= Majlis Bahasa Brunei-Indonesia-Malaysia =

Regional language organization

MABBIM (Majlis Bahasa Brunei-Indonesia-Malaysia, "Language Council of Brunei-Indonesia-Malaysia") is a regional language organization which is formed to plan and monitor the development of the Malay language and its many national standards in the region. It consists of three countries where the language is predominately used – Brunei, Indonesia and Malaysia.

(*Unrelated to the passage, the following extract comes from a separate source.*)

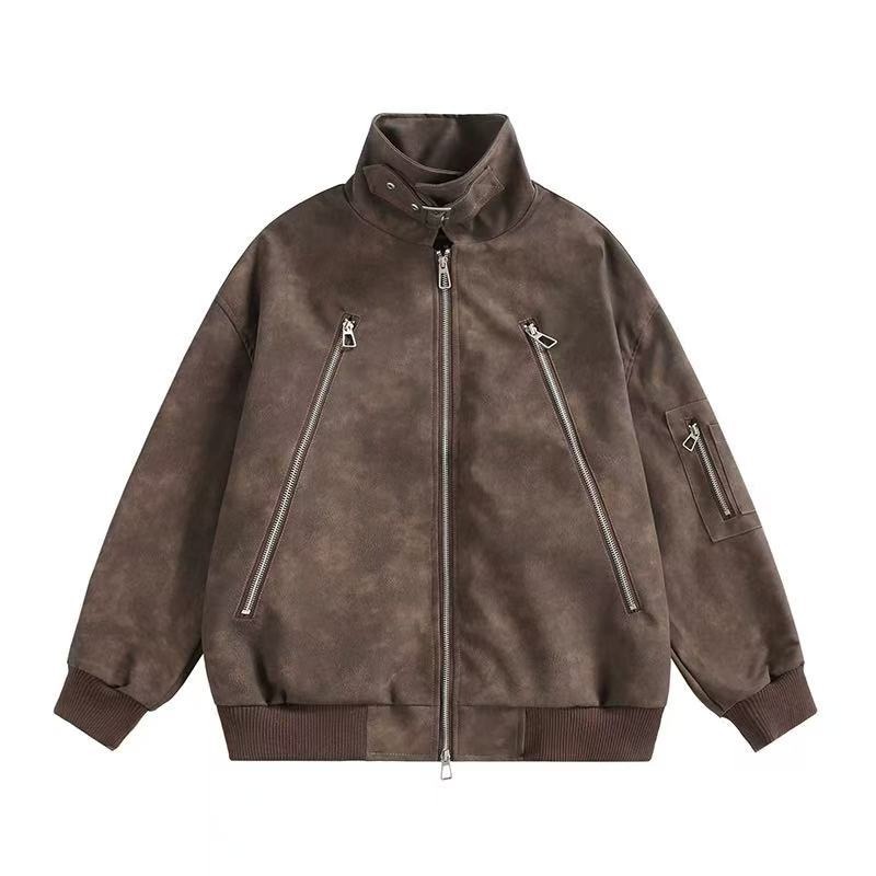 미국 스타일 다양한 크로스보더 레트로 패션 남녀 가죽 재킷 봄 가을 트렌디 브랜드 멋스러운 고급스러운 바이커 재킷스토어 가기

It was founded as MBIM (Majlis Bahasa Indonesia-Malaysia, "Language Council of Indonesia-Malaysia") on 29 December 1972. MBIM became MABBIM when Brunei joined this council on 4 November 1985. Singapore is as an observer.

==Nations represented==

Members
| Country | Standard language | National regulatory board |
|---|---|---|
| Indonesia | Indonesian (Bahasa Indonesia) | Agency for Language Development and Cultivation (Badan Pengembangan dan Pembinaan Bahasa) |
| Malaysia | Malaysian (Bahasa Malaysia) | Institute of Language and Literature (Dewan Bahasa dan Pustaka) |
| Brunei | Bruneian Malay (Bahasa Melayu Brunei) | Language and Literature Bureau (Dewan Bahasa dan Pustaka Brunei) |

Observers
| Country | Standard language | National regulatory board |
|---|---|---|
| Singapore | Singaporean Malay (Bahasa Melayu Singapura) | Malay Language Council (Majilis Bahasa Melayu Singapura) |

==Literature==
A yearly journal called Buletin MABBIM ("the BIM Language Council Bulletin") is published by Indonesia's Language Development and Fostering Agency on behalf of the organization.